Performance of table access_问答_开发者_运维开发者技术经验分享

开发者 https://www.devze.com 2022-12-13 14:58 出处：网络

We have an application which is completely written in C. For table access inside the code like fetching some values from a table we use Pro*C. And to increase the performance of the application we also preload some tables for fetching the data. We take some input fields and fetch the output fields from the table in general.

We usually have around 30000 entries in the table and max it reaches 0.1 million some times.

But if the table entries increase to around 10 million entries, I think it dangerously affects the performance of the application.

Am I wrong somewhere? If it really affects the pe开发者_运维技巧rformance, is there any way to keep the performance of the application stable?

What is the possible workaround if the number of rows in the table increases to 10 million considering the way the application works with tables?

If you are not sorting the table you'll get a proportional increase of search time... if you don't code anything wrong, in your example (30K vs 1M) you'll get 33X greater search times. I'm assumning you're incrementally iterating (i++ style) the table.

However, if it's somehow possible to sort the table, then you can greatly reduce search times. That is possible because an indexer algorithm that searchs sorted information will not parse every element till it gets to the sought one: it uses auxiliary tables (trees, hashes, etc), usually much faster to search, and then it pinpoints the correct sought element, or at least gets a much closer estimate of where it is in the master table.
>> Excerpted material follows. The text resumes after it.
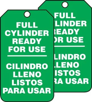 Cylinder Status Bilingual Safety Tag: Full Cylinder Ready For Use, RP-Plastic, 25/PK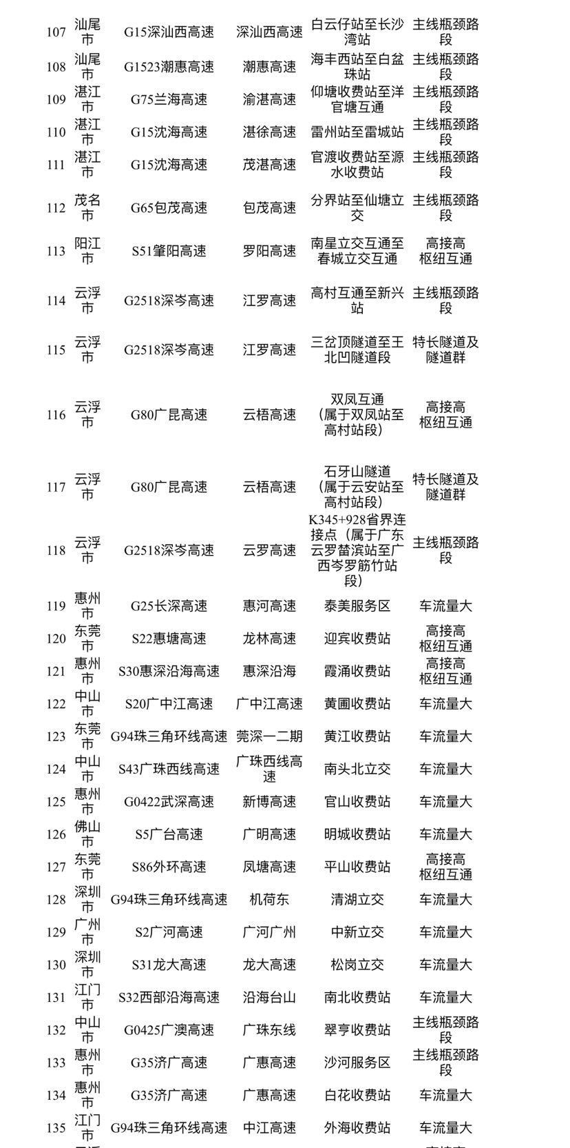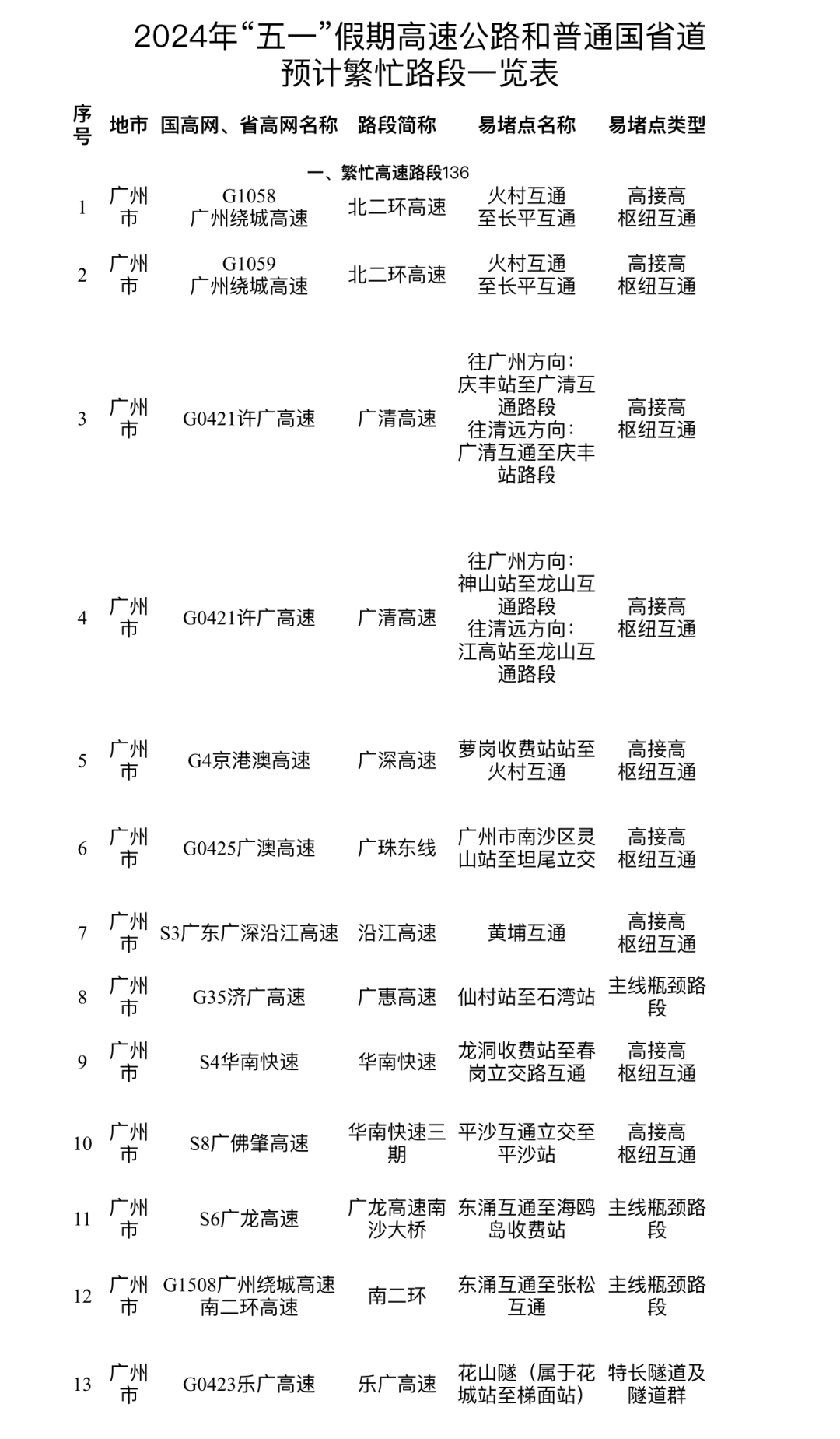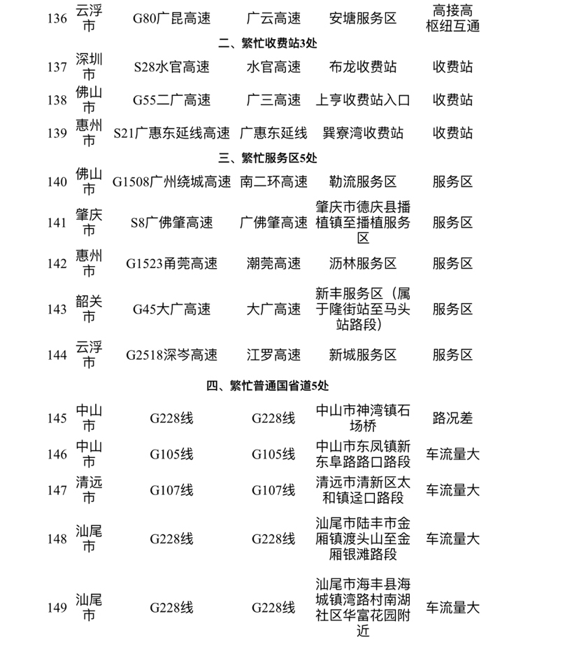 今年“五一”假期,预计全省公路易堵点位共计149处,其中高速公路易堵路段136处,易堵服务区5处,易堵收费站3处,普通国省道易堵点位5处。

Of course, that will come at the expense of having to sort the table, either when you insert or remove elements from it, or when you perform a search.
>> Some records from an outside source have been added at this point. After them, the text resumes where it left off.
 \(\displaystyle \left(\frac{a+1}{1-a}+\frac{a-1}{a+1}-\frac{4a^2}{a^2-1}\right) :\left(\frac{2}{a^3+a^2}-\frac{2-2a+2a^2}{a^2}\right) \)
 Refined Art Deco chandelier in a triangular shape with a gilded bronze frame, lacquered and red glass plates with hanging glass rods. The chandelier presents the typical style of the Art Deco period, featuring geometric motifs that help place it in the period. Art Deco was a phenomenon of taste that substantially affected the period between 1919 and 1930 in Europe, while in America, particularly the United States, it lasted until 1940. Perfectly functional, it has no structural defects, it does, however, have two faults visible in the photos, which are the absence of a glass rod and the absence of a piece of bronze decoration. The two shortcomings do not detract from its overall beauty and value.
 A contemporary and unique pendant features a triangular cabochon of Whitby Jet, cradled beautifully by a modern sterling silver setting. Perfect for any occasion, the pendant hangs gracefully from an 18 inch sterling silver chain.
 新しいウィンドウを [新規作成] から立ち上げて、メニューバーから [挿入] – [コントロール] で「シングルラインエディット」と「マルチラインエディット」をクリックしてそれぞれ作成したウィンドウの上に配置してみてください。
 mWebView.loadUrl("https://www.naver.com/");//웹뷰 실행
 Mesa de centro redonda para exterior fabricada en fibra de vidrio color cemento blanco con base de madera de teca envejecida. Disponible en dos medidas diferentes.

maybe you can go to 'google hash' and take a look at their implementation? although it is in C++

It might be that you have too many cache misses once you increase over 1MB or whatever your cache size is.

If you iterate table multiple times or you access elements randomly you can also hit lot of cache misses.
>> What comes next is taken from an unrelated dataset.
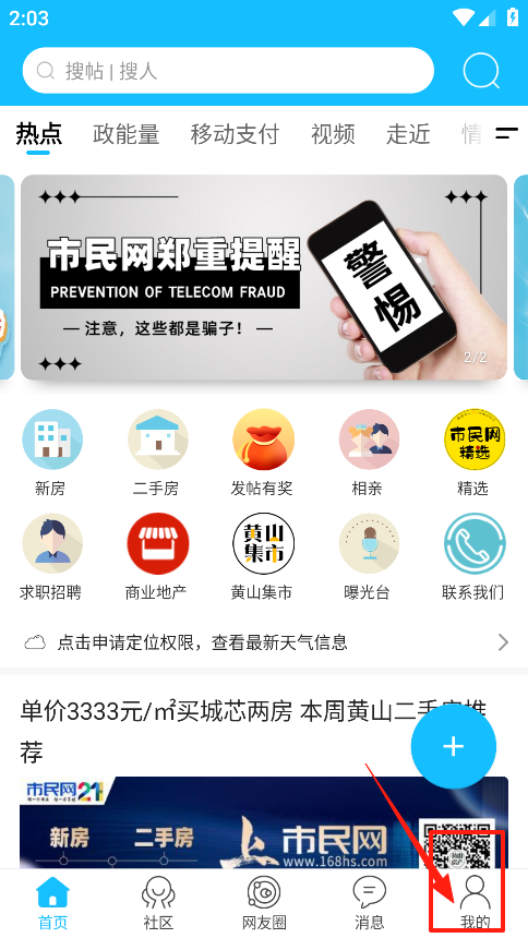 1、这是市民网的首页,设有众多功能入口,方便用户查找不同类型的信息,页面底部的我的按钮是关键,点击它可进入个人中心页面,在那里能进行个人相关的操作与设置。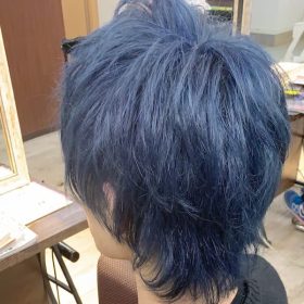 ブリーチ毛にティントバーのインディゴブルー単品を入れたメンズスタイル

http://en.wikipedia.org/wiki/CPU_cache#Cache_Misses

Well, it really depends on what you are doing with the data. If you have to load the whole kit-and-kabootle into memory, then a reasonable approach would be to use a large bulk size, so that the number of oracle round trips that need to occur is small.

If you don't really have the memory resources to allow the whole result set to be loaded into memory, then a large bulk size will still help with the Oracle overhead. Get a reasonable size chunk of records into memory, process them, then get the next chunk.

Without more information about your actual run time environment, and business goals, that is about as specific as anyone can get.

Can you tell us more about the issue?